While nothing is ever fully predictable on the Supreme Court, political scientists and legal experts rely on patterns within the court and each justice's voting behavior to get a sense of how certain issues might play out.

When a nine-member court hears cases on divisive social issue cases like abortion or same-sex marriage, the fifth vote or "median justice" is key in determining whether the opinion falls more to the liberal left or the conservative right.

And for years, the court’s median justice has been Justice Anthony Kennedy, who has been the deciding vote in many cases.

However, with the death of Antonin Scalia, there’s no longer an obvious middle, or median justice, explains Lee Epstein, law professor and co-director of The Center for Empirical Research in the Law at Washington University in St. Louis.

Thus any future Supreme Court appointment has the potential to be “very meaningful,” she said. “It could really shift the center of the court from a moderate conservative (Kennedy) to Breyer, a moderate Democrat. And that’s a big shift.”

This ideological shift is incredibly important in light of the cases before the court and how many of them could hinge on one key vote — like Whole Women’s Health v. Hellerstedt.

In this case, if Kennedy sides with the more liberal bloc and strikes down the Texas restrictions 5-3 it would set a constitutional precedent on abortion law and send a ripple effect through legislatures throughout the country. However, if Kennedy stays conservative, the court would remain deadlocked 4-4 and the lower court's ruling would remain in effect, allowing Texas to impose the restrictions without setting a national precedent — a situation the Supreme Court doesn't particularly like, because it means different areas of the country are operating under different circuit court rules, Wilson says.

However, the court could also decide to hear arguments, then ask for re-arguments when a ninth justice is appointed. Or, it could push the case off entirely until a full court is empaneled.

If the court waits, its decisions could change dramatically depending on who President Obama, or his successor, appoints.

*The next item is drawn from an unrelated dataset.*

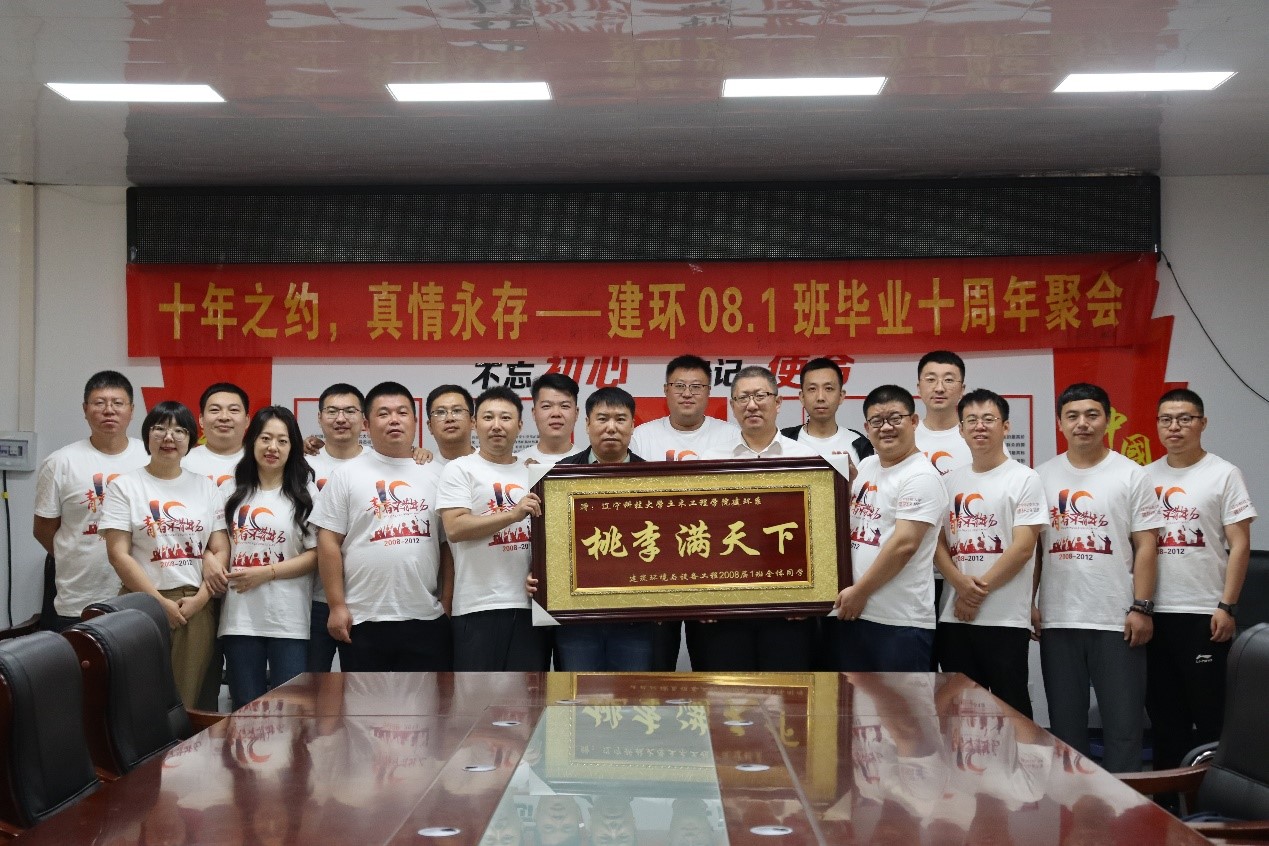 会后,建环2008级全体同学向土木工程学院建环系赠送《桃李满天下》牌匾,并合影留念。

“The new member of the court has the potential to change the court quite a bit, from a fairly solid five-member conservative (majority) to a five-member solid liberal majority,” said Kevin Quinn, a law professor at the UC Berkeley School of Law and co-creator of the Martin-Quinn scores, which measure the location of the justices on an ideological spectrum. “Because of the size of the (ideological) gap between Breyer and Kennedy, there’s a huge potential to change the location of the median justice. That’s a very consequential thing for people to be aware of.”

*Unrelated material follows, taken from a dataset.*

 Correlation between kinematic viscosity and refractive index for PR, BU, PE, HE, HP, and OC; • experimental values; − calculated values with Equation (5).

But no matter what the court does or how the justices shift, the work on both sides of the abortion debate will continue.

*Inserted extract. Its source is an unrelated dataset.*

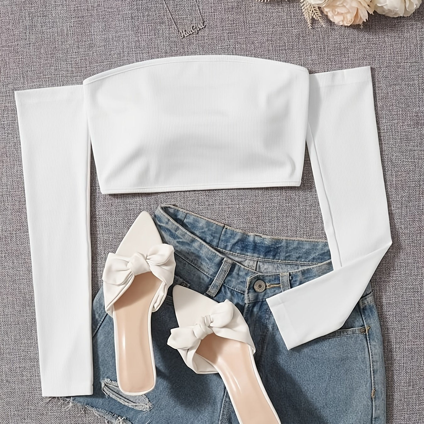 Women's Off-Shoulder Short Crop Top - Slim-Fit Sleeve Stretchy Shirt, Solid Black All-Season Versatile Top for Casual & Formal Outfits, Machine Washable Elegant Women's Fashion Apparel

“We always watch to see what the court does,” says Brock Schmeling, executive director of North Dakota Right to Life. “It’s hard to predict how their decision will affect (things) because they can decide anything. We’re not going to change how we operate because a case is pending at the Supreme Court. Once they make a decision, we’ll move from there. If we changed our strategy just because a case is pending at the Supreme Court or district court, we’d never be able to work toward our goal of protecting all innocent human life.”